John Isner rallies to reach Atlanta Open final
Two- t i me defending champion John Isner rallied to reach his 19th ATP Tour final and fifth in the Atlanta Open, beating friend and qualifier Denis Kudla 4-6, 6-2, 7-5 on Saturday.
The top-seeded former University of Georgia star locked in his serve against his Tampa, Florida, neighbor, shutting out his frequent practice partner by winning all 16 of his service points in the second set. Isner then took 24 points off 30 serves in the third.
“I was hitting them bigger, which is a good sign,” Isner said after moving his Atlanta record to 19-3 with his 11th consecutive win at Atlantic Station. “I got stronger and stronger as that match went on. I was feeling not so great in the first set, winded.”
After dropping 25 aces on Kudla to push his tournament-leading total to 77 in three matches, the top seed will seek his 10th ATP title against a player who appears suited to give him trouble.

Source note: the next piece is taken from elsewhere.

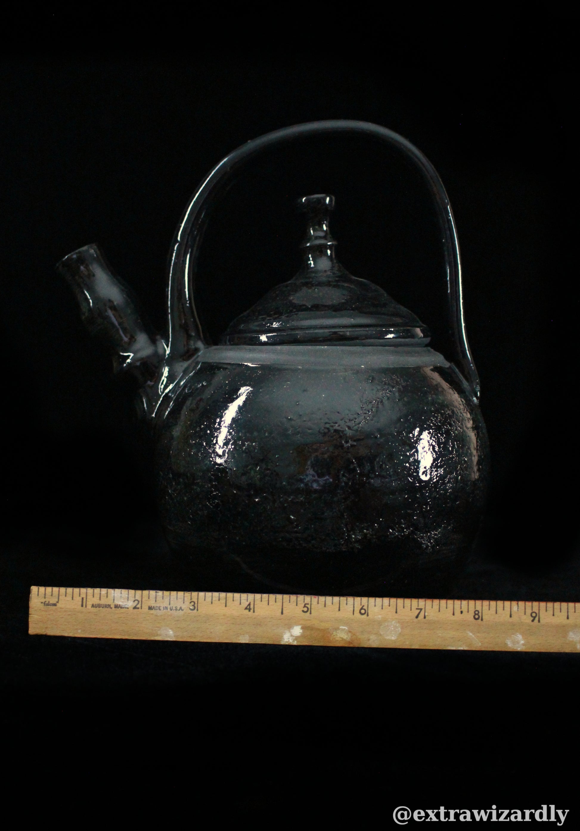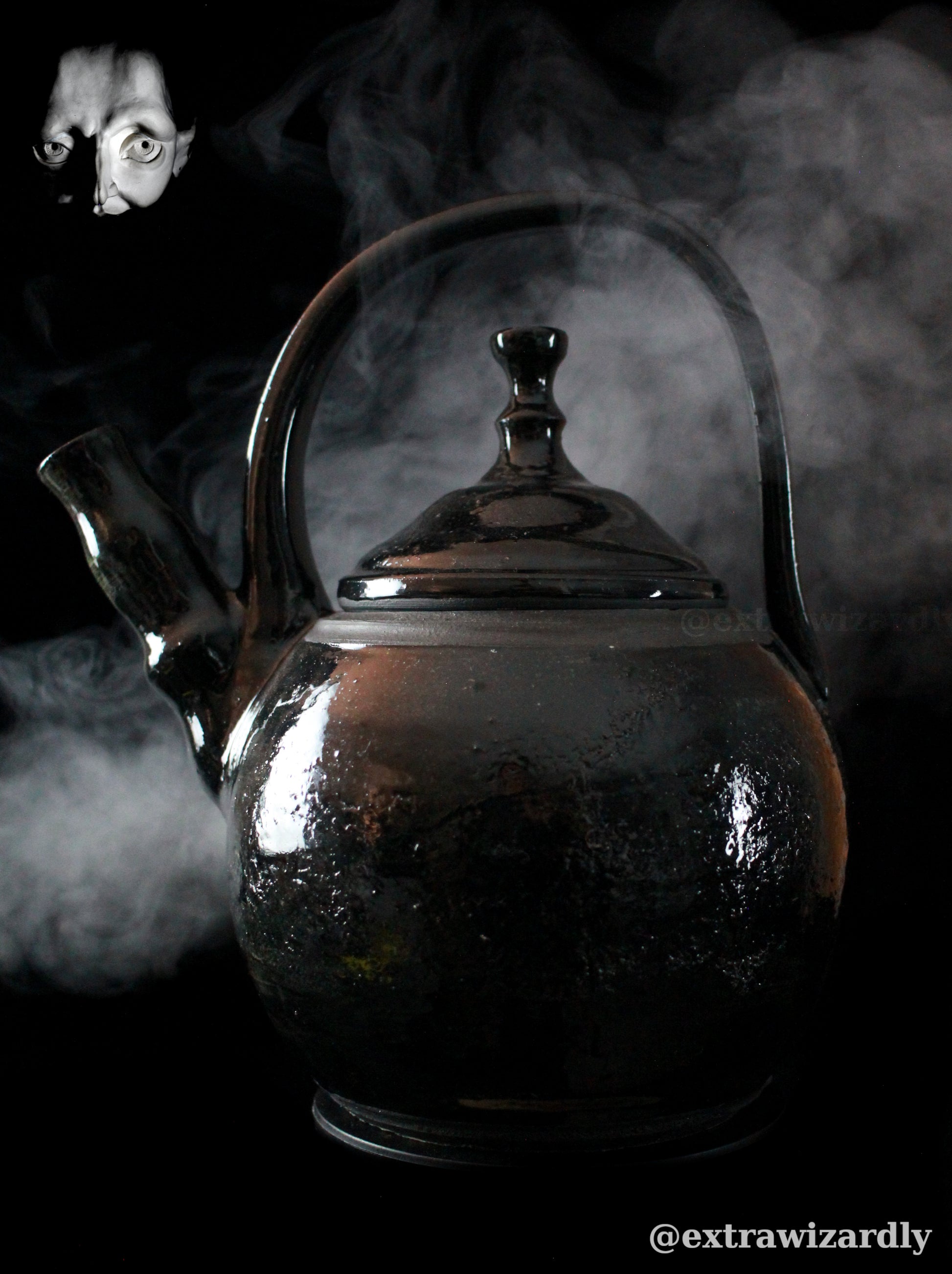 Steam curls from its spout like a summoning. The body—rough-textured as a cauldron’s underbelly, blackened as a midnight oak—wears its glossy overglaze like a sorcerer’s second skin: liquid-slick where the fire licked, matte where the shadows clung. The handle arches like a question, daring you to pour.
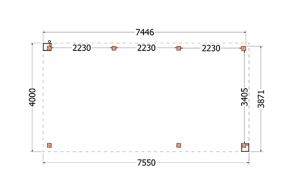 • Buitenverblijf Verona model rechts 7550x4000x2500mm (bxdxh)    52.1129

In the night semifinal, fifth-seeded Marcos Baghditis of Cyprus beat the tournament’s other big server, seventh-seeded Gilles Muller of Luxemborg, 6-7 (4), 6-3, 7-6 (4) on the strength of his return game.
The seventh-seeded Muller entered Saturday as the only Atlanta player yet to lose serve, and trails only Isner in aces (77-52).

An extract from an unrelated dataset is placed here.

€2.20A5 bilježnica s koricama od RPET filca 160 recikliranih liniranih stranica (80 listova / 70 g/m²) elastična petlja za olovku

He won his first 32 service games in the tournament, including six in the first set.
Then, Baghdatis began to figure out the big-serving left-hander, breaking Muller once in the second set, and twice in the third to reach his 12th ATP final in search of his fifth title.
After scoring on just one of Muller’s 23 first serves in the first set, Baghdatis scored on 9 of 26 of Muller’s serves in the second set and on 20 of 47 in the third.

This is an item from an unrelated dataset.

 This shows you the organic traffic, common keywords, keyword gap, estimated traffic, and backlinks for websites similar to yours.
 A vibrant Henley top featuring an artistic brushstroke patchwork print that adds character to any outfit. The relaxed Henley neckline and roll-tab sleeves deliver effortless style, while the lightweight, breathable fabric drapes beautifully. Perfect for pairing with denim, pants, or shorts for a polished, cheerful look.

“I think (Muller) lost his rhythm, and I started messing up his targets,” Baghdatis said.
Although 0-5 against Isner, all on hard courts like Atlanta’s, the colorful Cypriot said with a chuckle that Sunday’s key, “I think will be about messing up (Isner’s) game, and taking his eyes off the ball.”
The former world No. 8 (August, 2008) who fell in his past seven ATP semifinals, bent down after his win and kissed the court. He did the same Friday after beating secondseed Vasek Pospisil in straight sets.
“Baghdatis will be different,” Is- ner said. “He returns very well.”
Isner played the last two sets differently than the first, unleashing his greatest weapon and ripping several serves at 140 and 141 mph.
After winning a rock-steady first set, the 22-year-old Kudla — who warmed Isner up at Wimbledon in 2010 before Isner played the longest match in history, an 11-hour, 5-minute win over Nicolas Mahut — made all the key mistakes in his first ATP semifinal (to Isner’s 39th).
Kudla was on a 17-2 streak into the match, along the way becoming the first American male since 2012 to reach the round of 16 at Wimbledon.
But Isner broke serve twice in the second set, each time winning as Kudla sent easy forehands from the baseline into the net to cede Isner a lead of 3-1 and then the set.
The only break of the final set came on another Kudla forehand mistake, when he sent one wide to end the match.
“He stayed a little more disciplined than he would in some practice moments,” Kudla said of Isner. “He started flattening out his serve. In the beginning, he was trying to pick his spots and I could get a racket on it. When he gets up toward 140, that’s when it gets tough.”